若手の活性化が、元気のない大学図書館を良くしていく

tokatu_lifo03.jpg天野絵里子さん
(京都大学附属図書館)
インタビュー担当: 長屋 俊(日本原子力研究開発機構 研究技術情報部)

1. まずは自己紹介をお願いします。

天野絵里子といいます。京都大学附属図書館[※1]で、機関リポジトリ[※2]とか、Eリソースとか、とにかく本に触らない仕事をしています。 京都に来て早12年。工学部の図書室、シス管、レファレンス、日文研[※3]で受入・・と仕事を経験してきました。

京都大学は学内にたくさん図書室があるんですよね。

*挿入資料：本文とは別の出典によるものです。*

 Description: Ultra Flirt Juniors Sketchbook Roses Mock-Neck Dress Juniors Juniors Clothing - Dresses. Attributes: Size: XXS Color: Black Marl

シス管、というのはシステム管理担当、でしょうか?

そうです。 図書館内のシステム管理を担当している係です。 OPACですとか図書館システム全般、また図書館の職員さんが利用している端末の管理などが主な業務です。 全部で200台くらいの端末を管理していたと思いますよ。 一括で管理できることも多いのですが、トラブルは、日々いろいろと。

全部で200台! これだけで日々の業務のほとんどを占めそうな。 この係に配属される方ってシステム管理的な知識、経験を備えた方、というコトなのでしょうか?

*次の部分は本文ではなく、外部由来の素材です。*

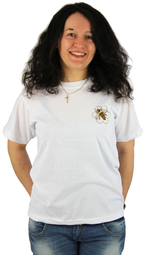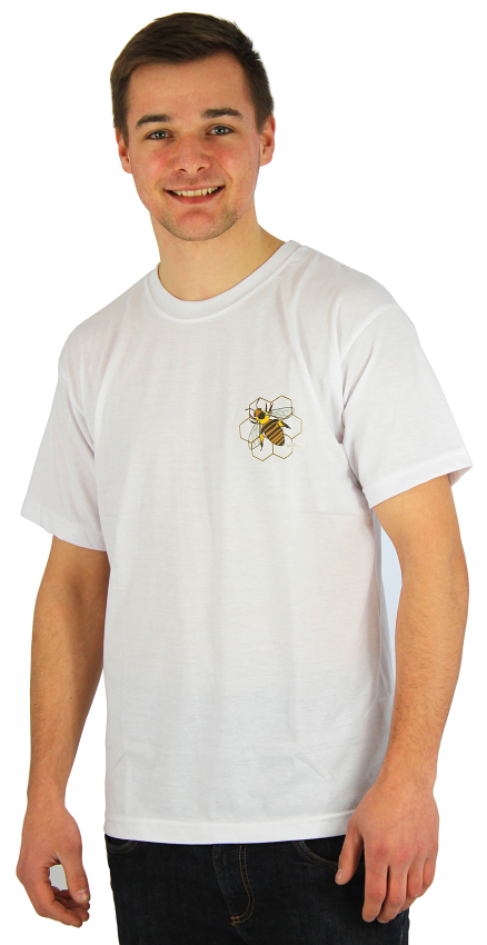 Made from 100% pure cotton in 180 g quality. White with round neck and bee print

そうとも限らないですね。 私の場合は、そのあたりはOJT(On the Job Training)で習ったということになります。ほんとはそんなOJTみたいに悠長なことせずに、少なくとももともとシステムの知識がある人が配属になるのが相応しいと今でも思いますが。それからたとえば、図書 館内の業務システム部分に携わるので、どうしてもシステムを作るSEさん、使う人と相談しながら進めたり、現場の状況を把握するといった部分が重要になってきます。 私がこの係に着任した際には、システムの知識よりも、そういった面でがんばって欲しいということを言われた記憶があります。

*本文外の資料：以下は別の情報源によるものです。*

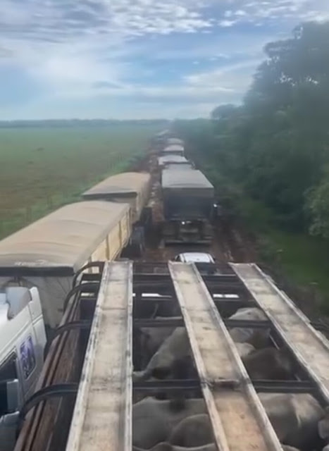 Nesta quinta-feira (21), foi registrada uma longa fila de veículos na via alternativa, com diversos carros e caminhões atolados no lamaçal, segundo relatos de testemunhas. A situação tem causado transtornos aos usuários, que dependem do trajeto para locomoção e transporte de mercadorias.

なるほど、システム部分の仕事といっても一日中パソコンとにらめっこしているわけではないんですね。 それから、大学事務をされていたことがあったのですね。初耳でした。 図書館で仕事をされる前に大学全体という視点で一度眺められたのはその後の仕事の進め方に大きく響きそうですね。

ええ、神戸大学で大学事務をやっていた頃があったのですが、その頃から大学の経営に問題意 識を持ち続けていて、現在、同志社大学の総合政策科学研究科[※4]で大学図書館員の人的資源 管理をテーマにほそぼそと研究もしています。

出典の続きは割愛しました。